Crick’s mouth dropped open and his eyes widened comically. “Oh my God!”
“What?” Oh no. Was Deacon being a bad father? A bad friend? Irresponsible? They had kids from Promise House working with the horses–would that be too much to ask Shane and Mickey? “Nevermi–“
“Deacon Parrish Winters, don’t you dare walk that back!” Crick said urgently. “No–no. I think that’s a great idea! I’m dying for some private time with you in a hotel room. Room service? Can we get room service?”
Deacon had to smile. Crick did most of the cooking back at home–having someone else make and serve him food must have sounded like heaven. “Yeah. We can get room service. So you want to try?”
Crick leaned his head back against the glass and just smiled, his narrow face looking youthful and sunshiny and all the things Deacon had loved about Crick from their very first meeting, when Crick had been just a boy, watching Deacon work out his horse. “It sounds like the most wonderful idea in the world.” He shivered, apparently excited about the idea.
Deacon smiled, warmed by his enthusiasm. “Okay–so, phones out–“
“Can we do two days?” Crick asked wistfully. “Please?”

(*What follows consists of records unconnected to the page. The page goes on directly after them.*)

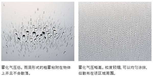 4雾的状态由液体的体积和雾化空气的压力决定。如果要产生不散落的雾气,请尽可能降低雾化气压,使粒径更粗(左图)。如果您想通过涂漆或涂布获得均勻干净的表面处理,请增加雾化气压并使粒度更细(下图)。
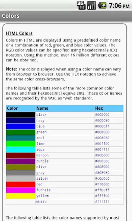 Reference (Colors, Fonts, Element and Valid DTDs, Deprecated Elements, Language Codes, HTTP Status Messages)
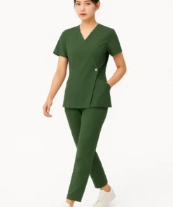 Mẫu đồng phục sở hữu thiết kế cổ chữ V, tay ngắn liền thân, giúp tạo vẻ thanh lịch mà vẫn đảm bảo tiện lợi cho các thao tác chuyên môn. Phần thân áo được may nhẹ ôm eo, kết hợp quần lưng thun co giãn, mang lại cảm giác thoải mái – dễ di chuyển – linh hoạt cả ngày dài. Màu vải xanh rêu được chọn lọc kỹ lưỡng để tạo ấn tượng điềm đạm nhưng không đơn điệu.
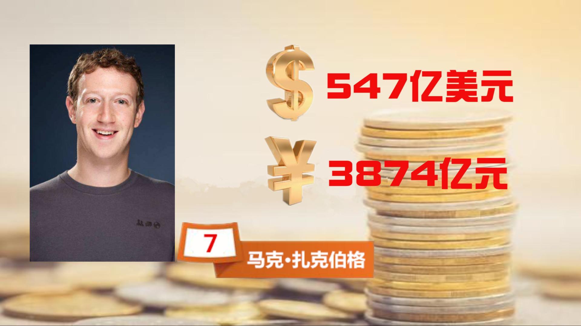 第7名:美国,马克·扎克伯格,资产为547亿美元,折合人民币3874亿。
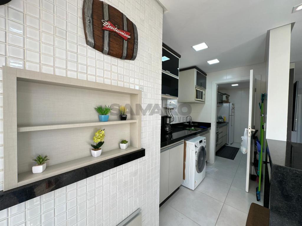 Dois dormitórios sendo um suíte, banho social, sacada de frente, mobiliado e decorado com bom gosto e requínte, pensado para o seu conforto e qualidade de vida, churrasqueira extratégica para o churrasco da família, vista mar para o descanso no final da tarde e ainda duas vagas de garagem uma ao lado da outra com fácil acesso.
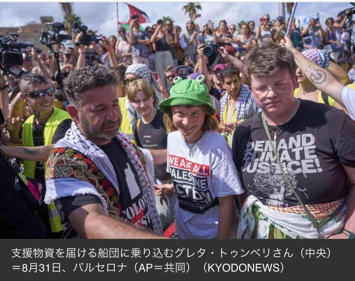 後にイタリアやチュニジアからも船が合流し、最終的に70隻ほどになるという。グレタさんは6月にもガザを目指したが、イスラエル当局に船が拿捕され、イスラエルから国外退去となった。

Deacon placed his hand on Crick’s arch, pushing a little so the stretch wouldn’t end. “Sure,” he said. He’d never been able to refuse Crick anything.
“Good. I’ll hand you the phone when J.D.’s on. He’ll want to talk to Deek-Deek.”

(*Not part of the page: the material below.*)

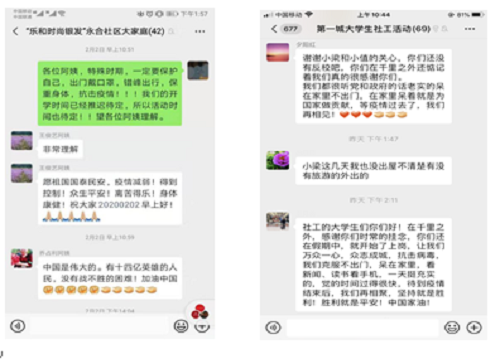 社会工作专业师生在公共场所关闭、公共娱乐停止的这个特别的时期,利用在日常服务中建立的服务对象微信群、QQ群,在群内分享关于疫情的权威报道以及如何防护疫情,加强自我防护,及时转发官方疫情发展数据和控制措施,发动社区居民做好居家安全自护。

Sure he would. J.D. was three now, but Deacon reckoned he’d be J.D.’s Deek-Deek for possibly the rest of his life.
Before he looked up the number to change his tickets and book the hotel room, he took a gander outside the car. The snakes were still migrating, making their focused, wiggling way across the road. Deacon would never love snakes–but he had to admit, he Crick had time together, private time, because they’d decided to cross the road.
It could be the one time in his life he was grateful for snakes.